Task goal
Would you write out the lines below exactly, from the one containing "学院领导教师与企业专家共同开" to the very last, but without the pictures?

The data
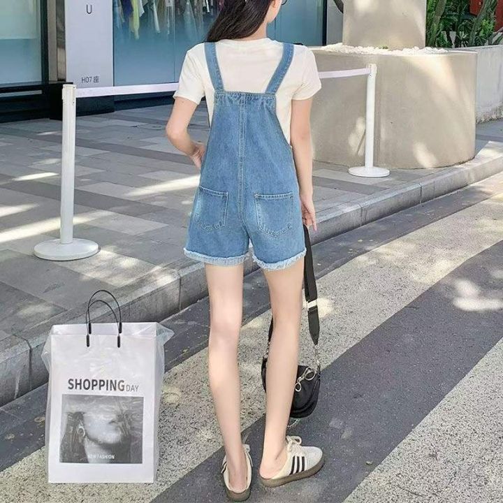 夏季新款复古洗水棉设计款牛仔背带短裤,独立包装带吊...
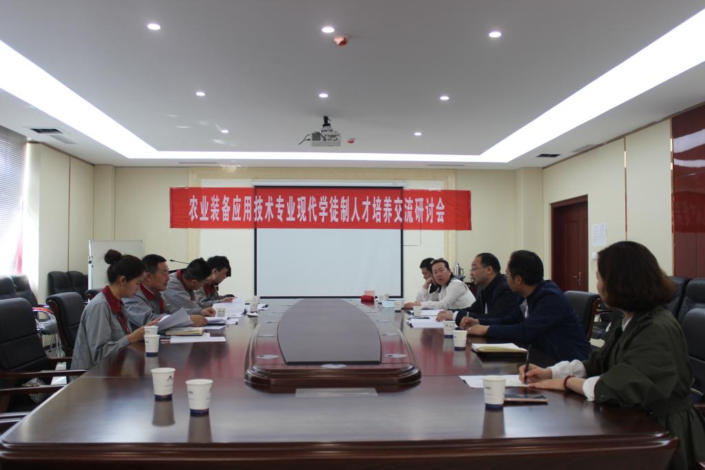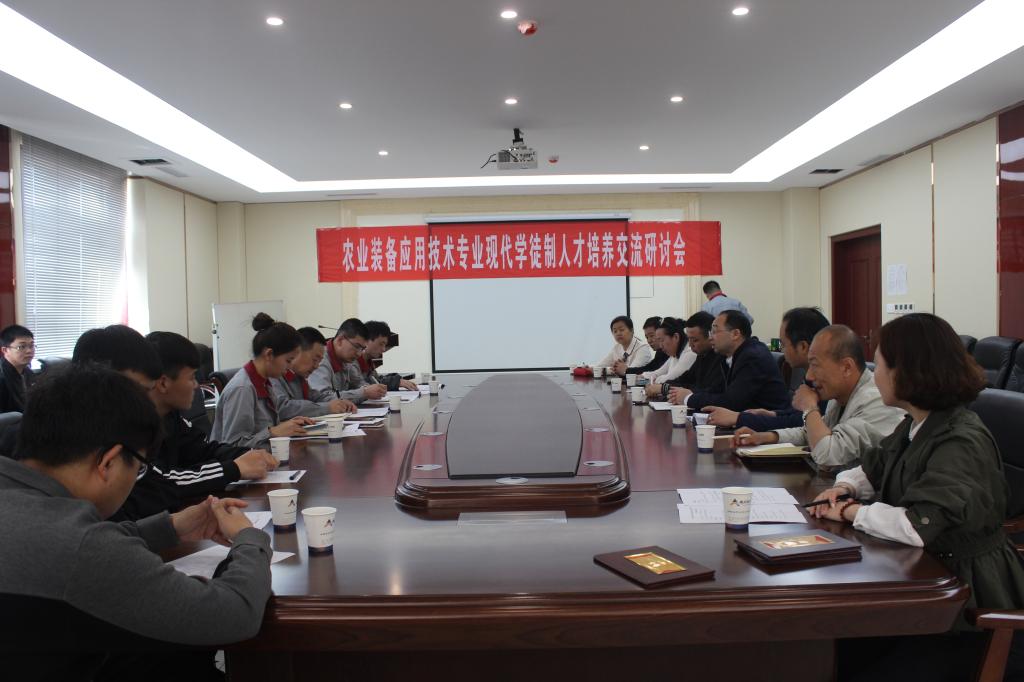学院领导教师与企业专家共同开展了农业装备应用技术专业现代学徒制人才培养方案和学徒制岗位标准的论证。
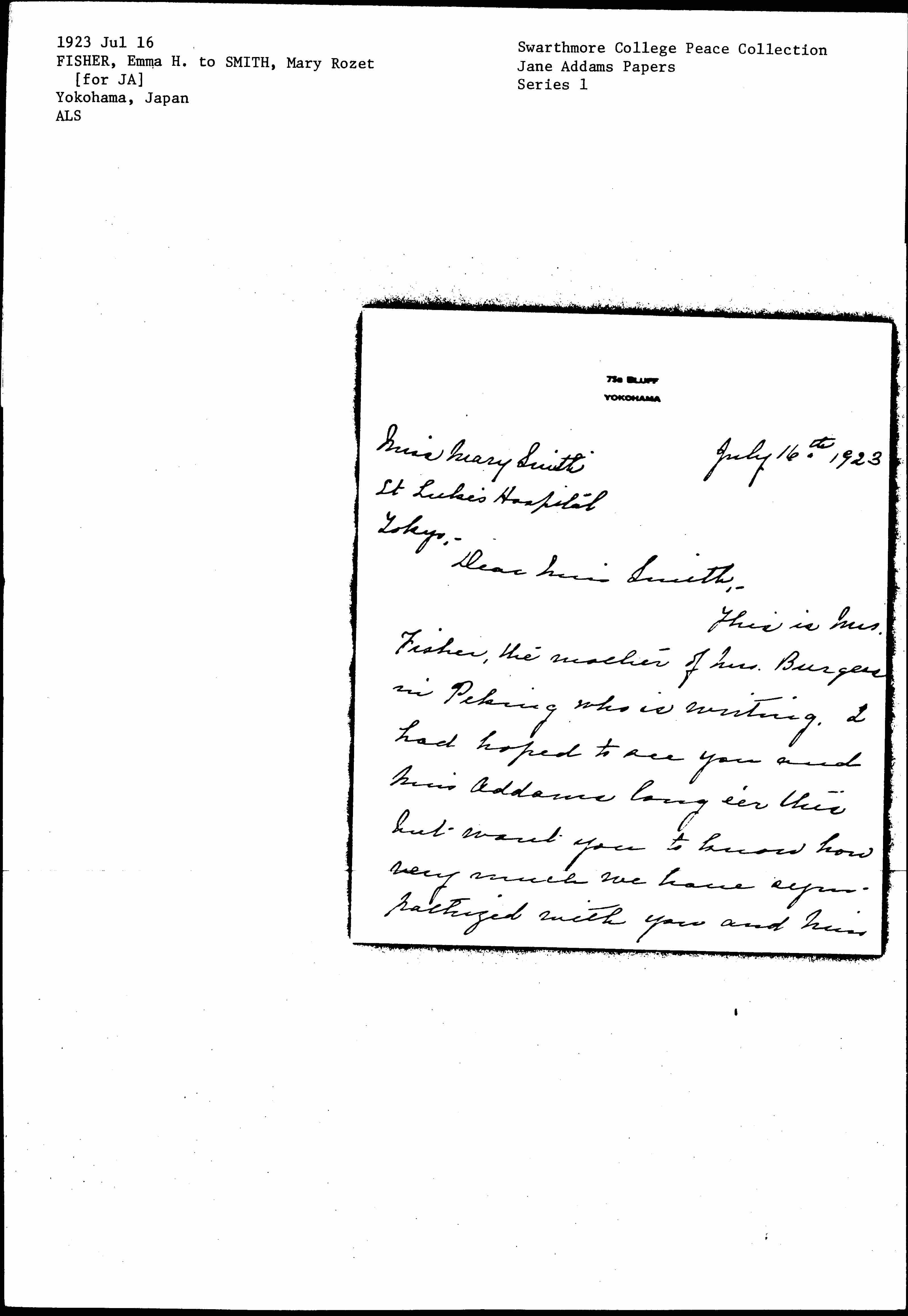This is Mrs. Fisher, the mother of Mrs. Burgess in Peking who is writing. I had hoped to see you and Miss Addams long e'er this but want you to know how very much we have sympathized with you and Miss [page 2] Addams in the operation and consequent weakness.

Response below
学院领导教师与企业专家共同开展了农业装备应用技术专业现代学徒制人才培养方案和学徒制岗位标准的论证。
This is Mrs. Fisher, the mother of Mrs. Burgess in Peking who is writing. I had hoped to see you and Miss Addams long e'er this but want you to know how very much we have sympathized with you and Miss [page 2] Addams in the operation and consequent weakness.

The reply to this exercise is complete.